Software engineering skills – because the matter in which these wonderful things can exist is software. No matter what we do, there are some rules of the modern software development process that help a lot to be successful in business. By analogy with intelligent mind and body, software also requires hardware infrastructure to function.
People tend to specialize, so over time, a natural division has emerged between those responsible for data analysis and those responsible for transforming prototypes into functional and scalable products. That shouldn’t be surprising, as creating rules for a set of machines in the cloud is a far different job from the work of a data detective.
Fortunately, many of the tasks from the second bucket (infrastructure and software) can be automated. Some tools aim to boost the productivity of data scientists by allowing them to focus on the work of a data detective rather than on the productionization of solutions. And one of these tools is called Metaflow.

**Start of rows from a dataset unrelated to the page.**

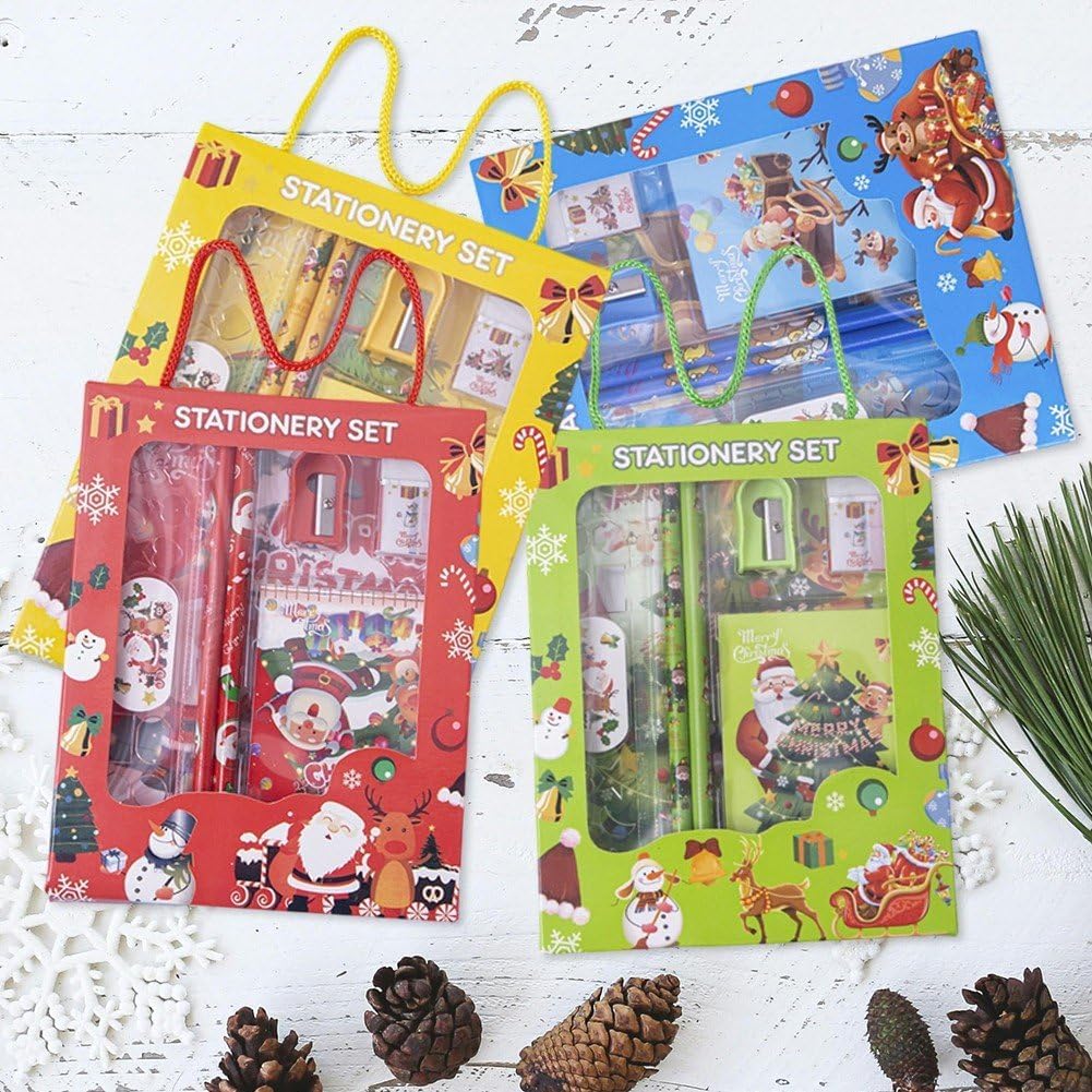 Educativo e divertente: stimola creatività, scrittura e l'apprendimento attraverso articoli di cancelleria colorati e a tema. Design festivo per le feste: il set di cancelleria a tema natalizio aggiunge divertimento ed entusiasmo alle attività scolastiche e alle feste. Perfetto per i bambini: ideale per le aule scolastiche dei bambini, come bomboniere e per lo scambio di regali durante le feste. Durevole e pratico: i materiali di alta qualità garantiscono un utilizzo duraturo a scuola, alle feste o a casa. Set completo 4 pezzi: include matita, temperino, gomma, righello e mini quaderno per tutte le esigenze di scrittura di base.
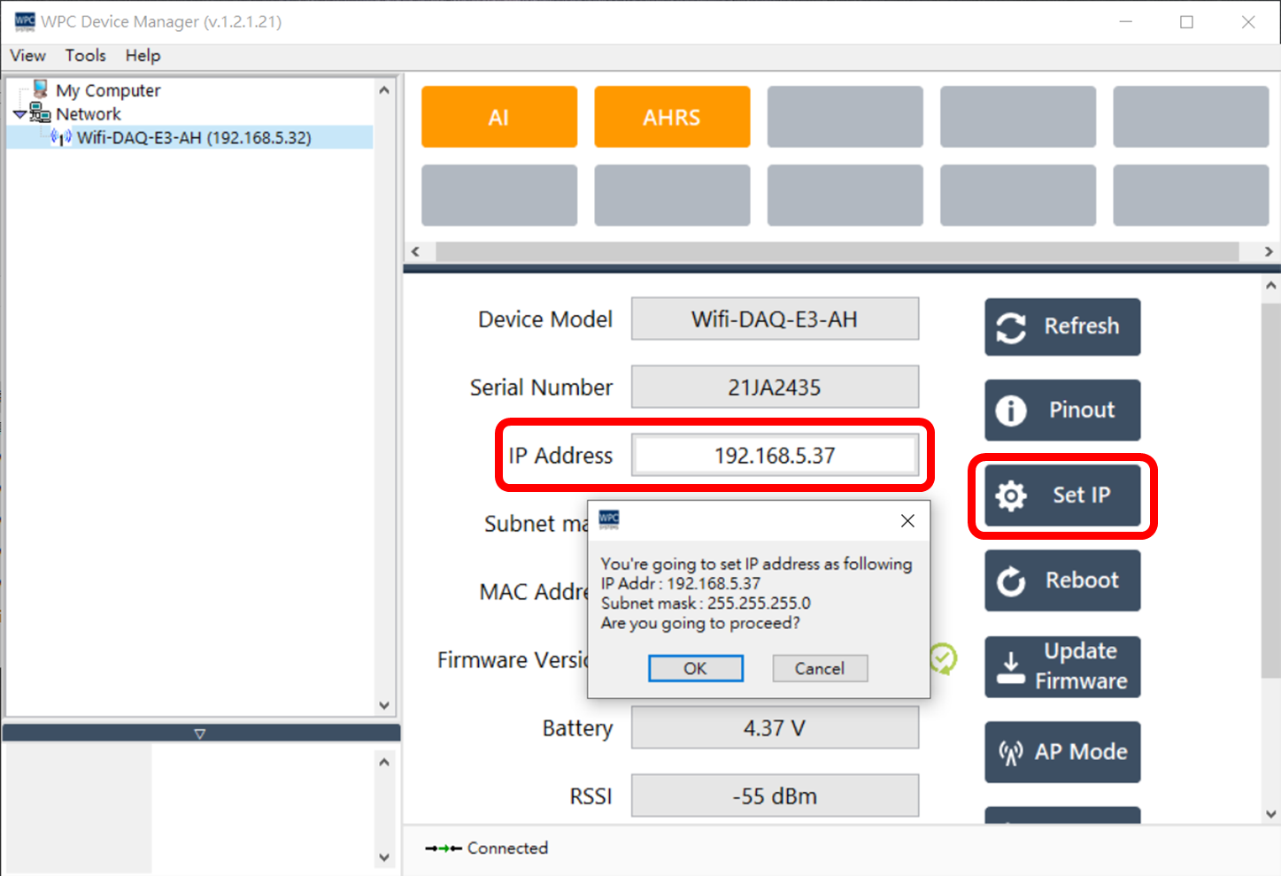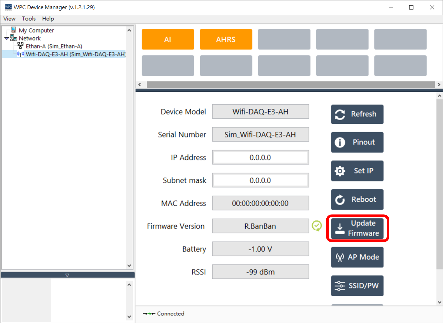 Click the "SSID/PW" button to set the Wi-Fi SSID and password that the device wishes to connect to, or to set the device to AP mode.
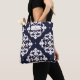 Um bolsa para os professores que caracterizam um design azul do ikat. Personalize o texto dentro do retângulo superior com ilustração cor-de-rosa da maçã.
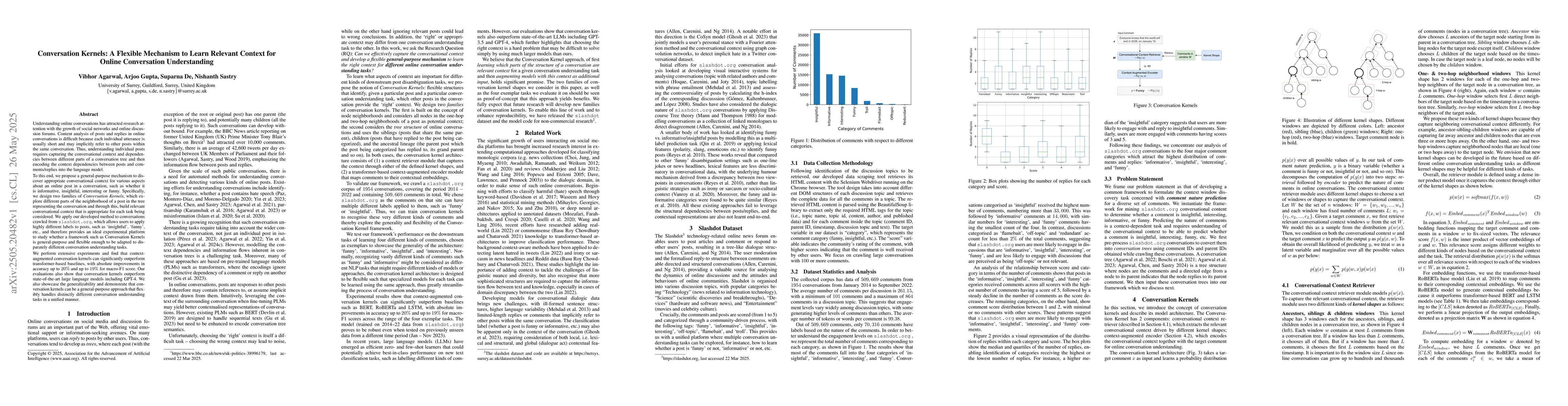 This research introduces Conversation Kernels, a flexible mechanism to identify relevant context in online conversations. By exploring different neighborhood parts of a post in a conversation tree, it builds task-appropriate context for analyzing posts' aspects like informative, insightful, interesting, or funny. The method is tested on Slashdot.org conversations, demonstrating its adaptability to diverse conversation understanding tasks.
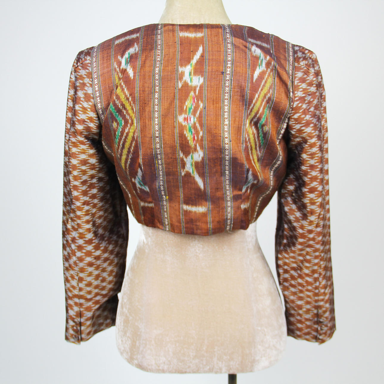 En aztekisk beskuren jacka med vadderade axlar, axel till axel 42cm. L. 37 cm. grop till grop 42cm.
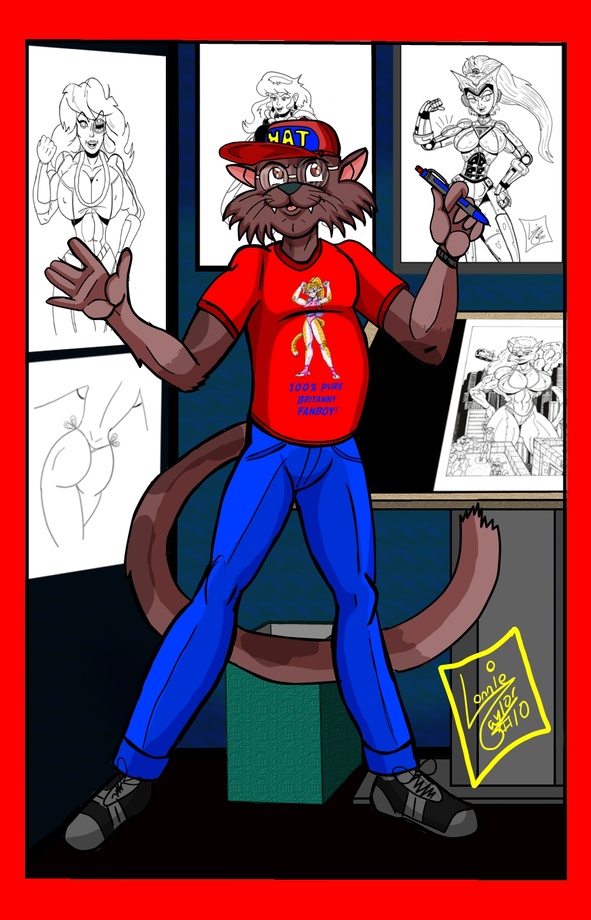 Here he's in his studio surrounded by the things he loves... His art and Britanny from Gold Digger and with his magic tech. pencil (which allows him to create portals to other realities.) who know.. he might actually meet britanny one day.^^

If you want to focus more on data science, less on engineering, but be able to scale every aspect of your work with no pain, you should take a look at how is Metaflow designed.
A Review of Metaflow
Metaflow is a framework for building and managing data science projects developed by Netflix. Before it was released as an open-source project in December 2019, they used it to boost the productivity of their data science teams working on a wide variety of projects from classical statistics to state-of-the-art deep learning.
The Metaflow library has Python and R API, however, almost 85% of the source code from the official repository ( written in Python. Also, separate documentation for R and Python is available.
At the time this article is written (July 2021), the official repository of the Metaflow has 4,5 k stars, above 380 forks, and 36 contributors, so it can be assumed as a mature framework.
“Metaflow is built for data scientists, not just for machines”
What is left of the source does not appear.